- **Work task**: Filter the listing below for "features" and report every line that has it.
*** Opening Task material ***
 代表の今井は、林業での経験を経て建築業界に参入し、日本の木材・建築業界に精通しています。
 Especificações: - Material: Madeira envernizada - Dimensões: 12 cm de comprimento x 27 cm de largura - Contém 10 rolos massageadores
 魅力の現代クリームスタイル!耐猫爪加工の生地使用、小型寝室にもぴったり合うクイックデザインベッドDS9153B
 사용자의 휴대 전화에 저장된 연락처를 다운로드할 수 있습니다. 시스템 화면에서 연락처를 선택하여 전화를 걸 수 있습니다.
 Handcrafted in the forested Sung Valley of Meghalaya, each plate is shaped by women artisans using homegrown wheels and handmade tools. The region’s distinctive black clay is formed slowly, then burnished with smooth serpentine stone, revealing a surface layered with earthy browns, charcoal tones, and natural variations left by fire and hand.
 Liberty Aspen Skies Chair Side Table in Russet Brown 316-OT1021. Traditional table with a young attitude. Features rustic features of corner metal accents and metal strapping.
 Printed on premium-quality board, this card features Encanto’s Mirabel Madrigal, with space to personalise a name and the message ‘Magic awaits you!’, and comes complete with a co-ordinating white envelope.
*** Closing Task material ***
*** Opening Task material ***
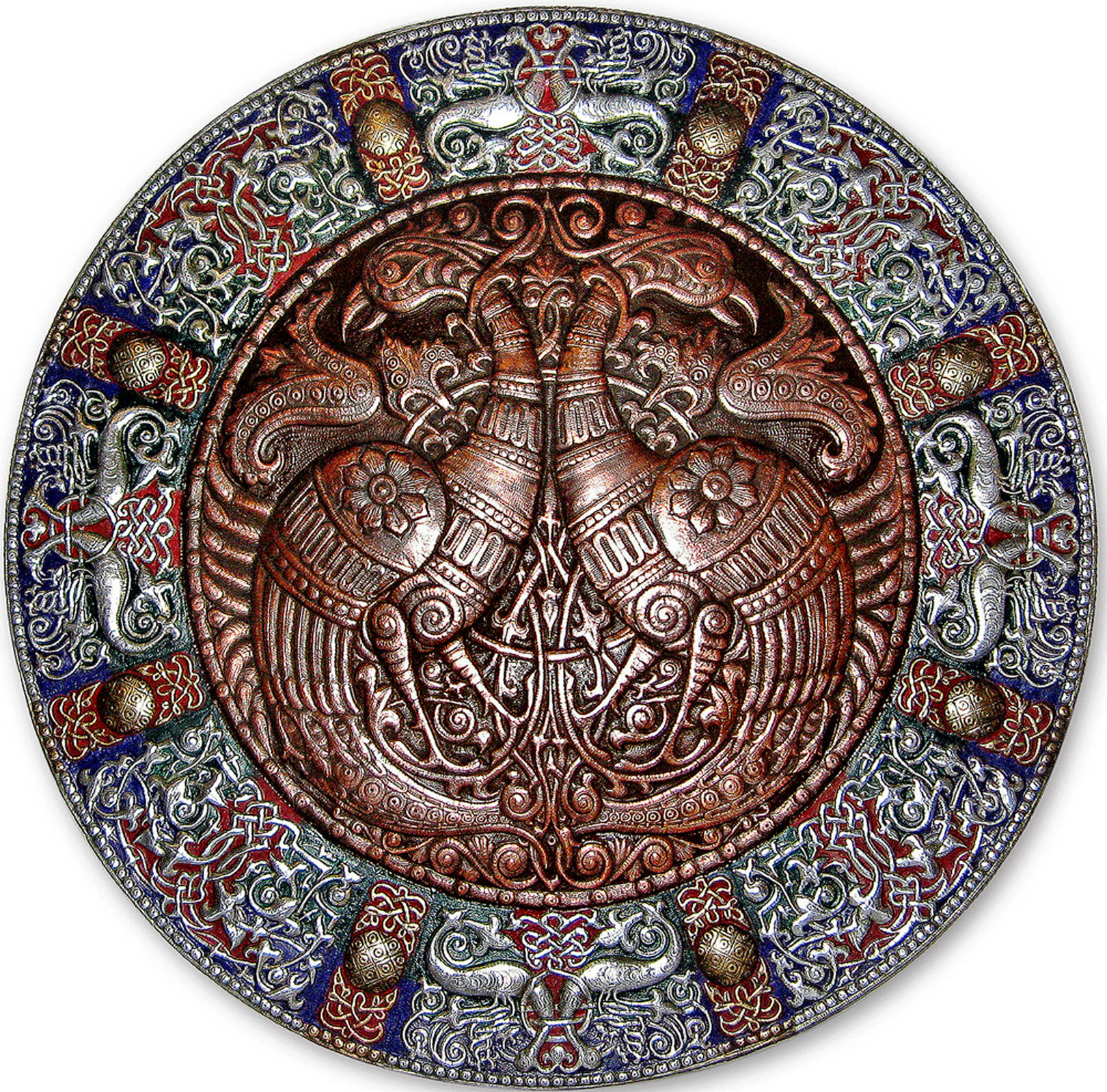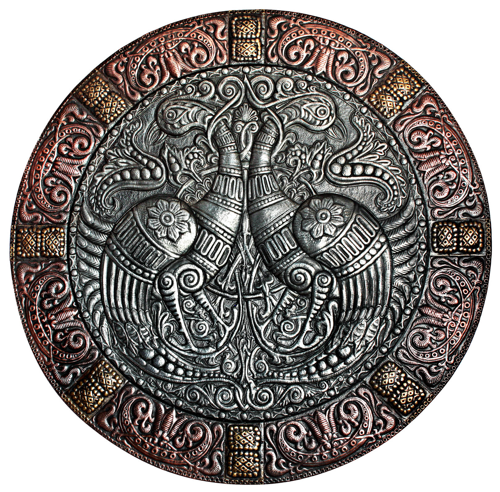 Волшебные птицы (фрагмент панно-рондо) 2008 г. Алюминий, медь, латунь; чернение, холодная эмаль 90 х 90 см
*** Closing Task material ***
- **Task output**:
 Liberty Aspen Skies Chair Side Table in Russet Brown 316-OT1021. Traditional table with a young attitude. Features rustic features of corner metal accents and metal strapping.
 Printed on premium-quality board, this card features Encanto’s Mirabel Madrigal, with space to personalise a name and the message ‘Magic awaits you!’, and comes complete with a co-ordinating white envelope.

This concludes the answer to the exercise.